Making it work, Tips & Lists

Co-parenting Teens: Fostering Independence with Guidance

For those who are co-parenting a teenager, here are a handful of tips to guide you with the drafting of a parenting plan for the teenage years.
(2 min 52 sec read)

Debra Carter
Dr. Carter is a Clinical and Forensic Psychologist, Florida Supreme Court Certified Family Law Mediator, and a Parent Coordinator.

For those who are co-parenting a teenager, here are a handful of tips to guide you with the drafting of a parenting plan. It’s a whole new world, trying to learn the ins and outs of the teenager.

Teenagers are preparing to leave home during these years. School, friends, and work will likely come before family. Teens want privacy, they want to make their own decisions. As a parent and especially one in a co-parenting relationship, you’ll need to balance the teen’s need for guidance versus their need for independence. It is important that you both remain the parents. The rules will change, of course, as your teen proves they are able to handle more complicated situations. Your younger children may complain that their teenage sibling gets to do more than they do. “That’s right,” you will tell them. “The rules change as you earn the right for them to change.”

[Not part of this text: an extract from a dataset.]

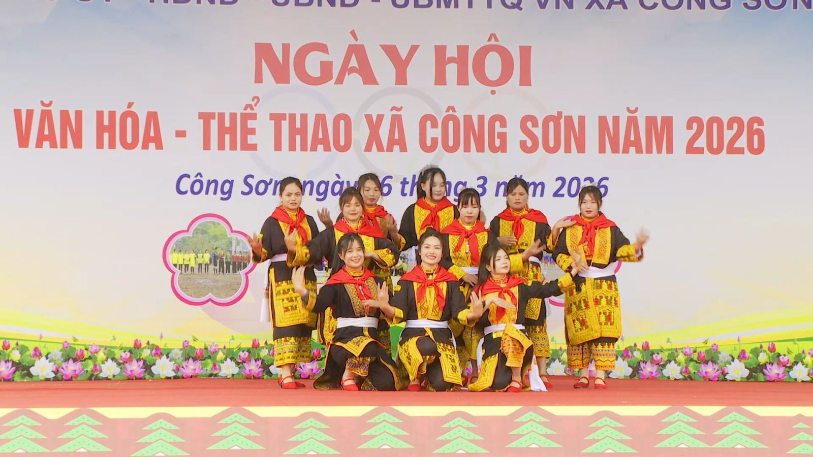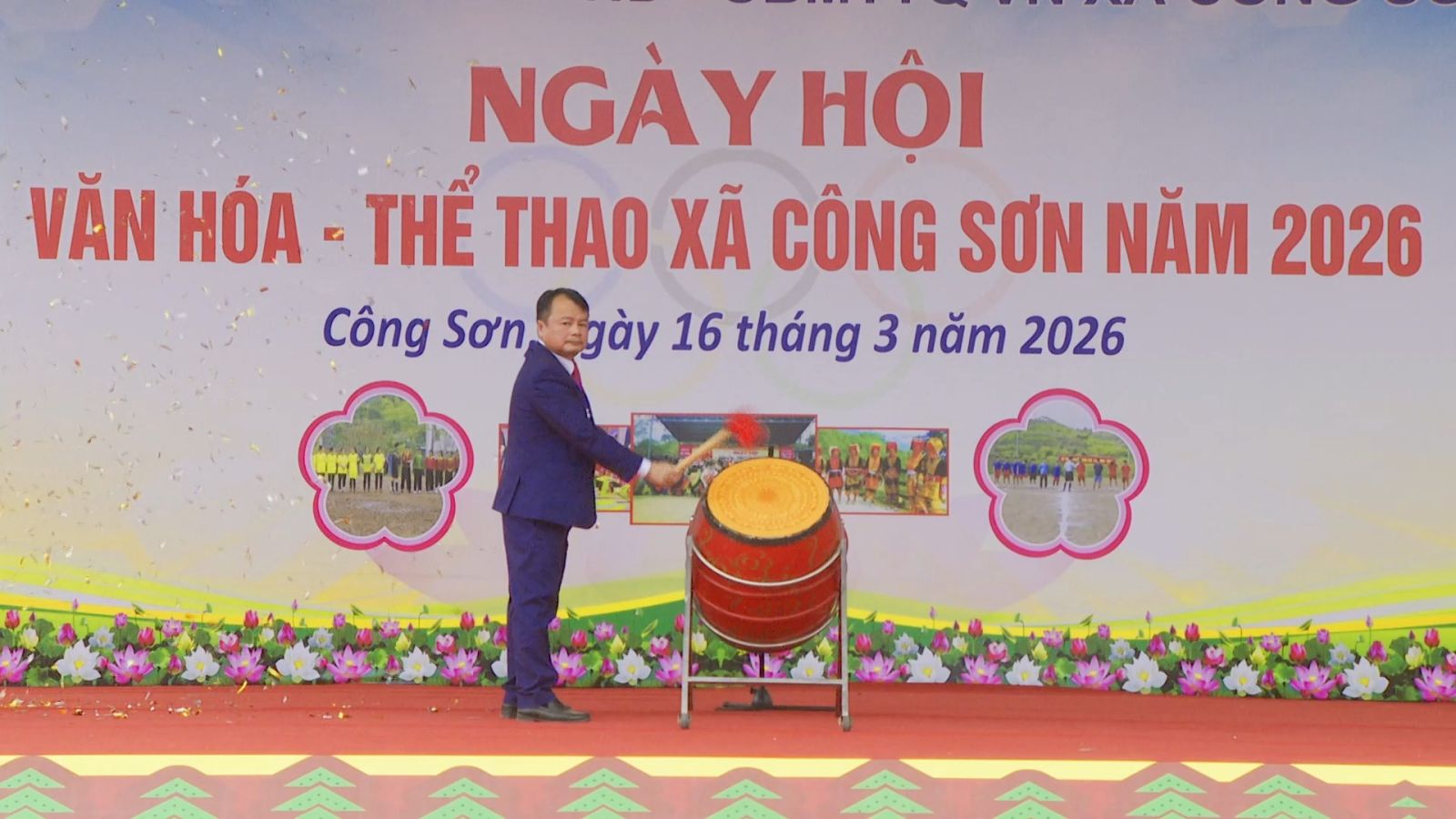Trong không khí rộn ràng của những ngày đầu xuân, sáng ngày 16/3 (Tức ngày 28 tháng Giêng năm Bính Ngọ), tại sân thể thao xã Công Sơn, Ngày hội Văn hóa – Thể thao năm 2026 đã chính thức khai mạc, thu hút đông đảo cán bộ, Nhân dân và du khách gần xa tham dự. Từ sáng sớm, khi sương còn bảng lảng trên những triền núi, từng dòng người đã nô nức đổ về khu vực trung tâm, mang theo niềm háo hức, phấn khởi chờ đợi một ngày hội giàu bản sắc và đậm tình cộng đồng.

It is also important to remind teens of how important family life is. Teens will want to be active with friends, but they’ll still need to make time for family. This is a good time to involve your teen in talks about time-sharing, when he/she would like to spend time with each parent, and family plans. Teens will need guidance in the areas of emotions and morals. Teens often don’t understand their own feelings or behaviors and need help sorting them out. Their moral code, or their sense of what is right and what is wrong, is also still developing. Understand that your guidance will most likely not be asked for or appreciated but giving it is still your job. The satisfying part of parenting is watching your teen grow into a responsible adult.

Consider this mother’s experience:

“When my daughter was 20, she had a summer job as a nanny/tutor for three very active young boys, all under ten years old. One day she called me out of the blue and said, “Mom, do you remember the time you were telling me to do my summer reading and do my math workbook, and I rolled my eyes, called you mean and stupid, and ran upstairs and slammed my bedroom door? Well, I called to apologize. One of the boys did that to me today, and I could barely stop myself from smacking him in the face. Only the memory of you being so calm with me got me through. Thanks for being a great mom.” Now that’s the gift of parenting that gives back.

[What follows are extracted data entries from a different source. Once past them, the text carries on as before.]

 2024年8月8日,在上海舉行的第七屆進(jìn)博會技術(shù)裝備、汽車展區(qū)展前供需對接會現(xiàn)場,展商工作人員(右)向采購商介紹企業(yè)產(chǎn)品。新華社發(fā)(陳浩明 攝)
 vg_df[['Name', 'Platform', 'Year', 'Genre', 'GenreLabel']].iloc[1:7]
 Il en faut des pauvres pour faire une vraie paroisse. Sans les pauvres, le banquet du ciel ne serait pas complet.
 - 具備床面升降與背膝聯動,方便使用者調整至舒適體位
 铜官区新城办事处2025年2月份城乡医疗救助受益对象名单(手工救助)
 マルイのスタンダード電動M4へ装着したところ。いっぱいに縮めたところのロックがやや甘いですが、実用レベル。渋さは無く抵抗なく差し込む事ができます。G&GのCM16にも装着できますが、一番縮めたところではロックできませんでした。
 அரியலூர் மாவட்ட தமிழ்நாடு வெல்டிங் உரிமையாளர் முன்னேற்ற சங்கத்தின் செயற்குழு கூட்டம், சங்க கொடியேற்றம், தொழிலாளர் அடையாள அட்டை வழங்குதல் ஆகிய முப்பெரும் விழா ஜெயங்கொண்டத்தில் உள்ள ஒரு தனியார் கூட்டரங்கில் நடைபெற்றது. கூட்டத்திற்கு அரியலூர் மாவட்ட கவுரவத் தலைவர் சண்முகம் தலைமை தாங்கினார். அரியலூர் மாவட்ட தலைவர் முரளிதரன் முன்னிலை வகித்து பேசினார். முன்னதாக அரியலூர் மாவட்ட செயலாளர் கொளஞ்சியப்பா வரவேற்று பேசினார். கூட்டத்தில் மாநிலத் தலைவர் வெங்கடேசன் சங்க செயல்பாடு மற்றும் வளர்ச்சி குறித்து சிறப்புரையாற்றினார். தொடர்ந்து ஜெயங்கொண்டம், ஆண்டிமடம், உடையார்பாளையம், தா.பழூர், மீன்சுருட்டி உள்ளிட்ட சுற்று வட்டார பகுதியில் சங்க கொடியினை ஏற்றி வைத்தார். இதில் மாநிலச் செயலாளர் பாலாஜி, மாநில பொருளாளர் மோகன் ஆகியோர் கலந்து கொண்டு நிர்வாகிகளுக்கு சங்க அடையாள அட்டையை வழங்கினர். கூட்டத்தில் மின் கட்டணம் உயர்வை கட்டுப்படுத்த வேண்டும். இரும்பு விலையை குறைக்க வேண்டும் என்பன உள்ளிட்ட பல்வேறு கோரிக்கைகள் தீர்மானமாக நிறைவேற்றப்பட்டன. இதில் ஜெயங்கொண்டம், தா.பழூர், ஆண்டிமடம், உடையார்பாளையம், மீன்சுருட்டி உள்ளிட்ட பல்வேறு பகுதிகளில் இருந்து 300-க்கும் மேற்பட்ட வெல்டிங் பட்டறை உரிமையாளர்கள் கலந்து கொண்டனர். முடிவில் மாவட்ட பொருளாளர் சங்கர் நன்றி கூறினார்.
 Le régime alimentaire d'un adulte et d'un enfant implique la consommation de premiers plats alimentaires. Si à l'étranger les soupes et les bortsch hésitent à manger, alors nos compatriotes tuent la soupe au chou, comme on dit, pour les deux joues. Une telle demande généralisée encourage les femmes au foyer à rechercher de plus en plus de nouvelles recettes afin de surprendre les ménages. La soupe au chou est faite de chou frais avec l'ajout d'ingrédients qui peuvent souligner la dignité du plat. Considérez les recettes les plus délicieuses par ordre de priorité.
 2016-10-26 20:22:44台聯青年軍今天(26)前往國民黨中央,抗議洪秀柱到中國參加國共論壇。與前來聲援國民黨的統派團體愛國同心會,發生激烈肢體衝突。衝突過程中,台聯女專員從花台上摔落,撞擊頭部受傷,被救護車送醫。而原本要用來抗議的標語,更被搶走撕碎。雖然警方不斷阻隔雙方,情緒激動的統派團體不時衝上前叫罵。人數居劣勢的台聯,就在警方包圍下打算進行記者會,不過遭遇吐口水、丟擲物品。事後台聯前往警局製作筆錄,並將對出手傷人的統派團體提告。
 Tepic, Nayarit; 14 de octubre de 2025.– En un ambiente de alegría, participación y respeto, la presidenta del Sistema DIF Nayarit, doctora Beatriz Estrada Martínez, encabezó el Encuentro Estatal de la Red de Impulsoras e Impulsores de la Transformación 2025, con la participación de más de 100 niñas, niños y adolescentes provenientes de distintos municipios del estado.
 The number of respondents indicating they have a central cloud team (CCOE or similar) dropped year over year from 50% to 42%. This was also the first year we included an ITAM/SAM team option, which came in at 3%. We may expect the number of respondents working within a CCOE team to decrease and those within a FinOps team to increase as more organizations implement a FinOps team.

Here are some issues to watch for at this stage:

  • Sexual acting-out
  • Fighting, name-calling, picking fights
  • Fearful of dating
  • Feeling embarrassed about changes in the family
  • Worried about money and how the family will get along due to the divorce
  • Feeling rejected and neglected

Parents at this stage should do the following:

  • Show and tell your teens that you love them.
  • Set rules, and keep them. Adapt older rules so they are age-appropriate.
  • Have adult friends of your own so you don’t use your child as a friend.
  • Let your teens know it is okay to be different from you.
  • Let your teens know it is okay to love both parents after the divorce.

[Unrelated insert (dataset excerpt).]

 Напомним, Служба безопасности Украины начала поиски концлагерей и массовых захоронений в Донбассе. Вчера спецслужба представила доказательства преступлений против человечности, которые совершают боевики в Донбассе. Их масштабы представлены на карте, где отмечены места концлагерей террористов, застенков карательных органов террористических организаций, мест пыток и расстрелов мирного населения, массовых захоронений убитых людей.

Tips for parenting older teens:

  • Be aware of the adolescent’s need to be consulted, informed, and involved when making the schedule and family plans.
  • When setting parenting times and schedules, take into consideration school demands, job hours, automobile access, as well as extracurricular and social activities.
  • Remember that adolescents need to balance independent social time with peers and meaningful family time.